- _Records for this task_
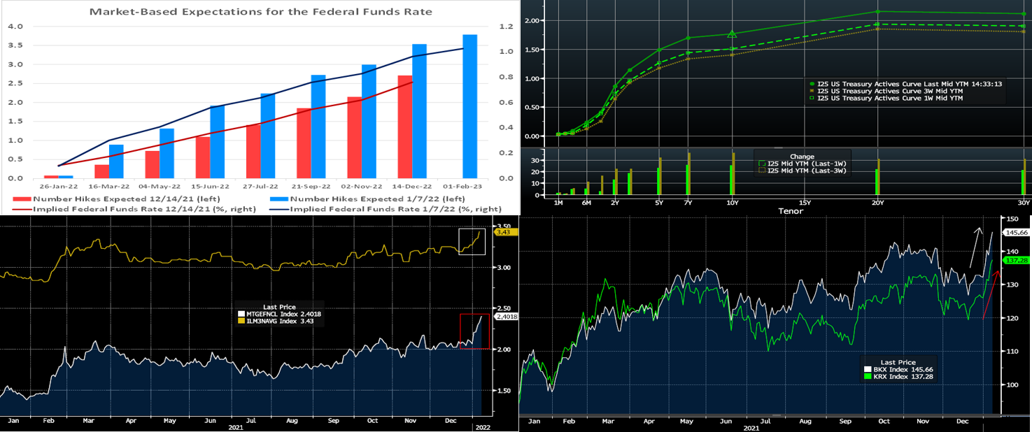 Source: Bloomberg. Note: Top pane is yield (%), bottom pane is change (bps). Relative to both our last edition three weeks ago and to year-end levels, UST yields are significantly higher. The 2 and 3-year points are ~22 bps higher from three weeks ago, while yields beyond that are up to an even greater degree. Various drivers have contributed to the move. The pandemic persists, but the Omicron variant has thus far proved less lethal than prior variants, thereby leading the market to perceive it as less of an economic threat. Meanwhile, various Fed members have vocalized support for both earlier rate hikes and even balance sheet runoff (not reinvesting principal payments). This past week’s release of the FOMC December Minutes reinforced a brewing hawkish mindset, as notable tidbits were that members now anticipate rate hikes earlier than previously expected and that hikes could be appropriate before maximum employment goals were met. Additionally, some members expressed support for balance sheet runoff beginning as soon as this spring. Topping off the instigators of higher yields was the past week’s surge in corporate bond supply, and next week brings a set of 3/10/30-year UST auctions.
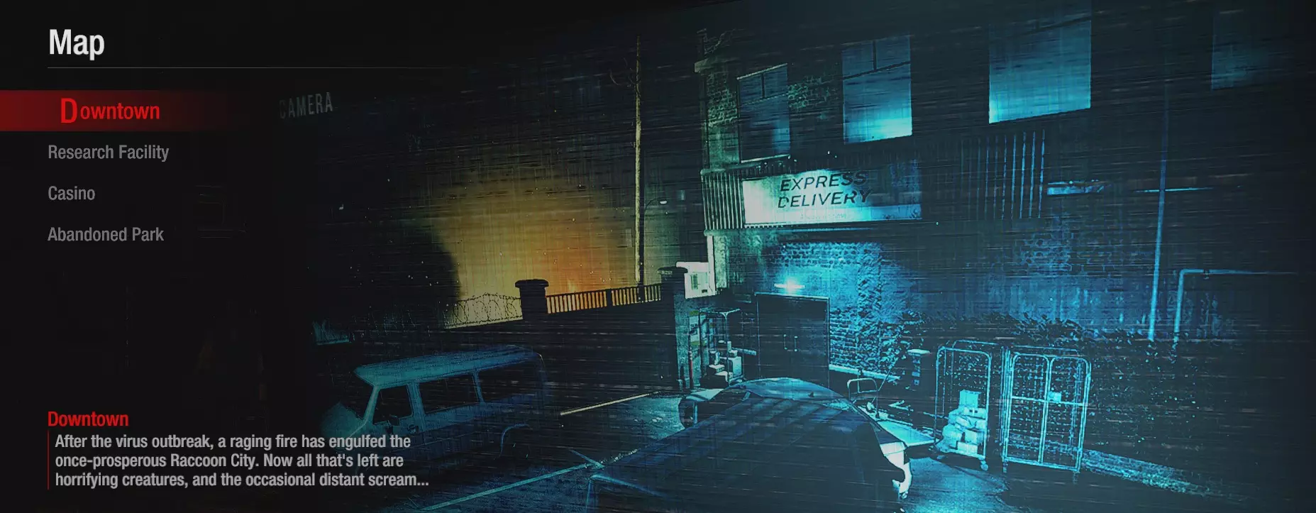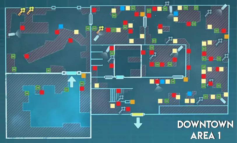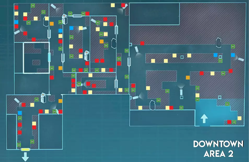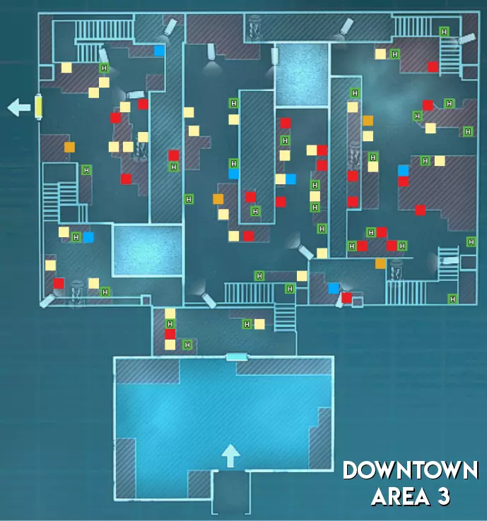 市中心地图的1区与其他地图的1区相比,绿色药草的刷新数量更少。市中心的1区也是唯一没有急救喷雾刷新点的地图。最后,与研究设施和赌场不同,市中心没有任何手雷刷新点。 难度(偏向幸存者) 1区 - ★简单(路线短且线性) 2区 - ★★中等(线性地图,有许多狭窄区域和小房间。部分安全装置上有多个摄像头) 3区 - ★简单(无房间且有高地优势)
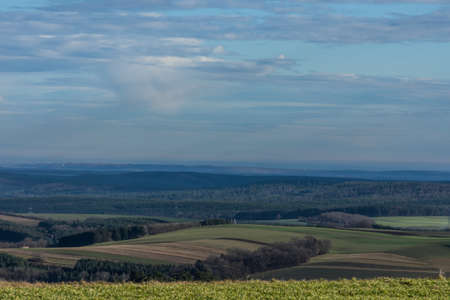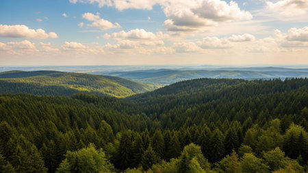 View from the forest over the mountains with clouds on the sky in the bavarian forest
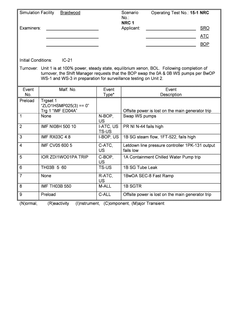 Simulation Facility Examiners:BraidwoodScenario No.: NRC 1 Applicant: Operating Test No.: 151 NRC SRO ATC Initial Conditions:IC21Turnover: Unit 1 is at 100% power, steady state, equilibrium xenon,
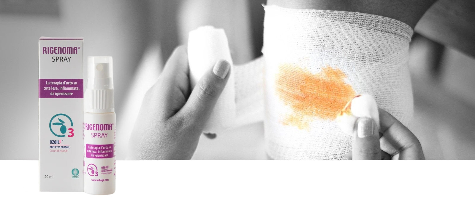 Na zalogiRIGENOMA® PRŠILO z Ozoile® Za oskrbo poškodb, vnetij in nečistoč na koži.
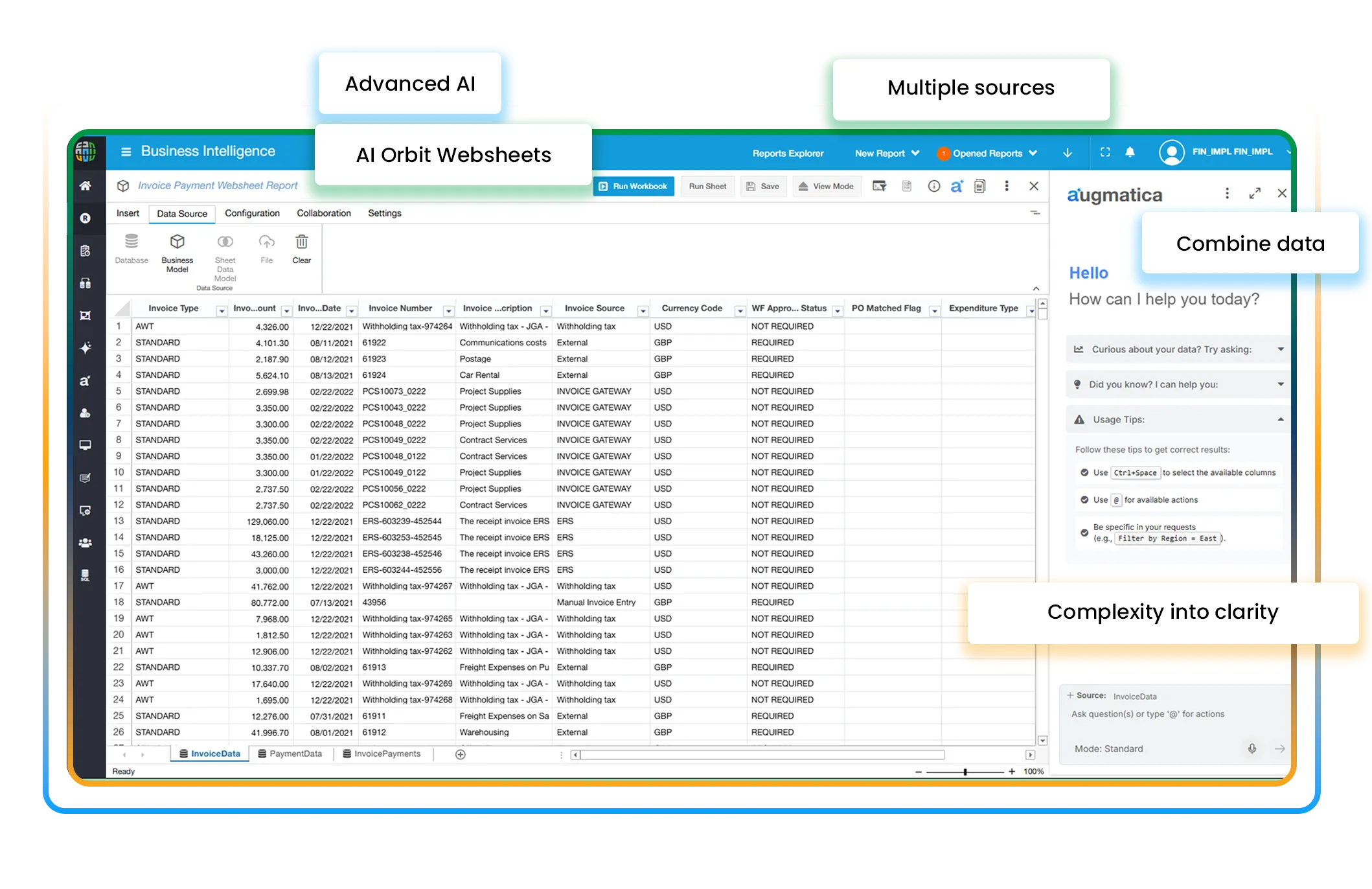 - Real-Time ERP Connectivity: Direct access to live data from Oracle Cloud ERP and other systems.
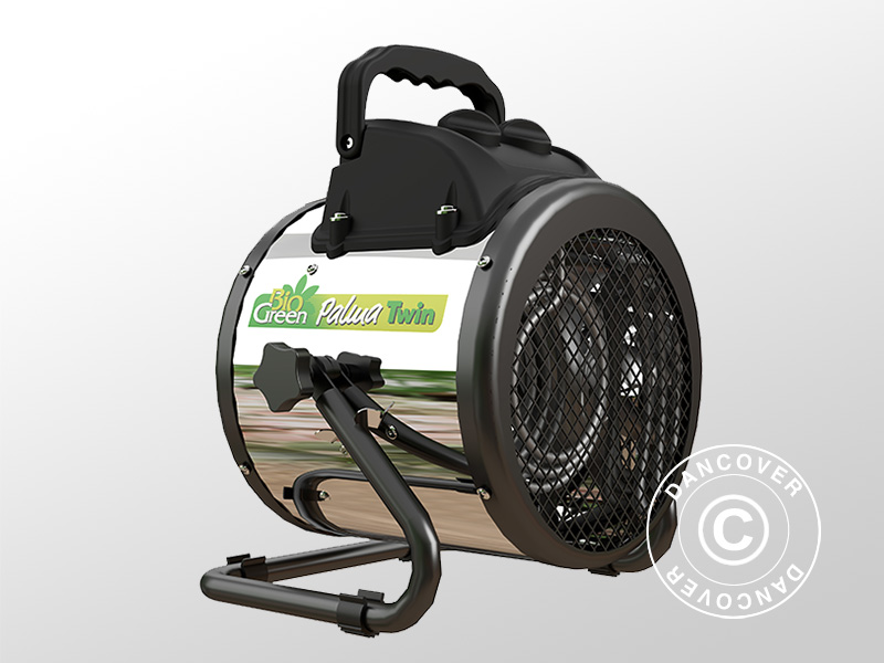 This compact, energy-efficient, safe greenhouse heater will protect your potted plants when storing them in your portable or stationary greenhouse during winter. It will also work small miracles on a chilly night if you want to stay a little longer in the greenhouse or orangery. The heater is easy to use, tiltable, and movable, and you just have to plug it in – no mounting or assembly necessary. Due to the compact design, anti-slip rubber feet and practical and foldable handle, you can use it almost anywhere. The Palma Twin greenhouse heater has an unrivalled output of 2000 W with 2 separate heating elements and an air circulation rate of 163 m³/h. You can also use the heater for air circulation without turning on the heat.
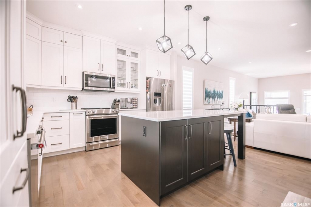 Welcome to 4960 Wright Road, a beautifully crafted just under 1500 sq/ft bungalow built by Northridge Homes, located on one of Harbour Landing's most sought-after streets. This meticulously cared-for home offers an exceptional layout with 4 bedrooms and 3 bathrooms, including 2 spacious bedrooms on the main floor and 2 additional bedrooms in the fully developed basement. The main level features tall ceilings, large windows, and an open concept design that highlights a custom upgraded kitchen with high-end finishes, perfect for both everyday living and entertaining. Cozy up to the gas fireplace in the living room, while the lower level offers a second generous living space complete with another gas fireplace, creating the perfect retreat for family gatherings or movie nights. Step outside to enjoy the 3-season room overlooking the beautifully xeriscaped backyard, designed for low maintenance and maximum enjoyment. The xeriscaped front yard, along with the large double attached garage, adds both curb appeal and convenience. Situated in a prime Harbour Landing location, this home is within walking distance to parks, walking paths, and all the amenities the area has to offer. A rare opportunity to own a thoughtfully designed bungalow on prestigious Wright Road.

- _Task brief_
A clean copy is needed of the lines above from the one with "Na zalogiRIGENOMA® PRŠILO" up to and including the one with "- Real-Time ERP". Please set it down exactly, with no pictures.

- _Answer area_
 Na zalogiRIGENOMA® PRŠILO z Ozoile® Za oskrbo poškodb, vnetij in nečistoč na koži.
 - Real-Time ERP Connectivity: Direct access to live data from Oracle Cloud ERP and other systems.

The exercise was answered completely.